Xcel contracted SI to perform an evaluation of the Monticello bioshield in support of its SLR application.  Initially, SI assessed embrittlement of the concrete and steel in accordance with the methodology in NUREG-15092 .  Following questions posed by the NRC reviewers, additional clarifications were requested regarding plant-specific materials, justification of gamma heating parameters, and inclusion of weld residual stresses.  SI performed separate heat transfer and fracture mechanics analyses to address these inquiries.  This article summarizes the approach and results of this first-of-a-kind evaluation.

Figure 2. Typical Reduction in concrete strength due to irradiation.

Assessment of Bioshield Concrete Structure
As illustrated in figure 1, the portion of the shield wall that is critical for support purposes is near the bottom of the RPV, well below the active core.  However, in accordance with the SRP, the concrete within this region is evaluated for irradiation-induced capacity reductions in accordance with methodology outlined within related EPRI reports.  Both neutron and gamma dose were evaluated in accordance with NUREG-2192 guidelines, along with expected operating temperatures experienced by the concrete.

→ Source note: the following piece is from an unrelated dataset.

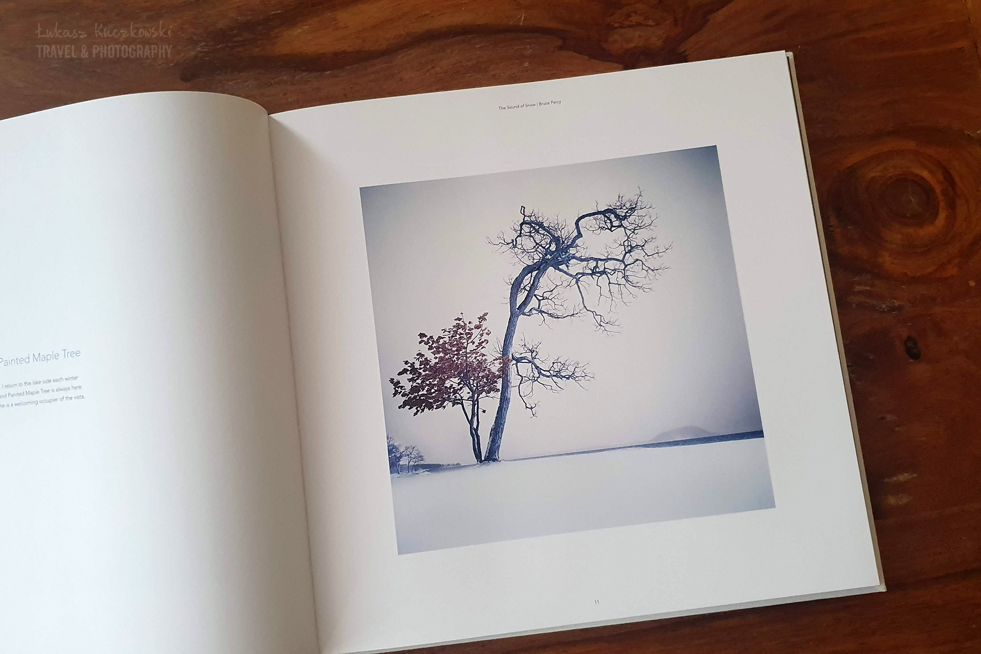 Album nie jest zdjęciowym przekrojem kraju kwitnącej wiśni. Raczej prezentuje wycinek tego ciekawego kraju, i to bardzo wąski. I tu leży w mojej ocenie problem z tym albumem. Bruce przyzwyczai mnie już do bardzo dobrych album, nie tylko pod względem ich wykonania, ale przede wszystkich pod kątem prezentowanych zdjęć. Ich różnorodność była zawsze mocnym punktem każdego albumowego podsumowania. Niestety tej różnorodności zabrakło. Nie wiem czy to wyraz fascynacji Kenną, czy może próba pozyskania środków w trudnym dla fotografów pandemicznym okresie. A może po prostu zabrakło zdjęć, które taką różnorodność by zapewniły. W każdym bądź razie na wielu zdjęciach widzimy różnego rodzaju, raczej jednak monotematyczne, wariacje na temat pojedynczych drzew w japońskim krajobrazie i w różnym układzie kadru. Przy czym, gdyby nie tytuł i posłowie, to można by odnieść wrażenie, że zdjęcia powstały gdziekolwiek, gdzie pada śnieg i występują drzewa. Zdjęcia są do tego bardzo oszczędne w wyrazie. To daje oczywiście duże pole do interpretacji dla oglądającego, jak również dla fotografującego, ale po kilku podobnych zdjęciach robi się po prostu nużące. Oczywiście jest to forma zabawy Bruca z obrazem, ale mi osobiście nie przypadła ona do gustu na łamach albumu. Myślę, że blog jest lepszym miejscem do takiej zabawy.

Radiation exposure levels for the Monticello bioshield at the end of the SLR operating period were computed via separate third-party analysis.  The computed neutron fluence was less than the threshold for potential concrete damage, rendering it unnecessary to evaluate this item, but the computed gamma dose exceeded the potential damage threshold.  Therefore, SI performed a detailed study to extrapolate the gamma exposure and any associated loss of strength for the load-bearing portion of the bioshield wall.  The evaluation compared published lower-bound strength values from literary sources to the fluence values obtained from which a conservative factor on reduction in structural capacity was determined.

SI performed a detailed set of structural calculations to benchmark the original design basis analysis against the pertinent code of construction, ACI 318-63.  These calculations were repeated for the predicted reduction in strength, and for all locations the predicted loads (or “demand”) were less than the available capacity.  Thus, the structural portion of the bioshield wall was assessed to be acceptable for extended operation through the SLR period.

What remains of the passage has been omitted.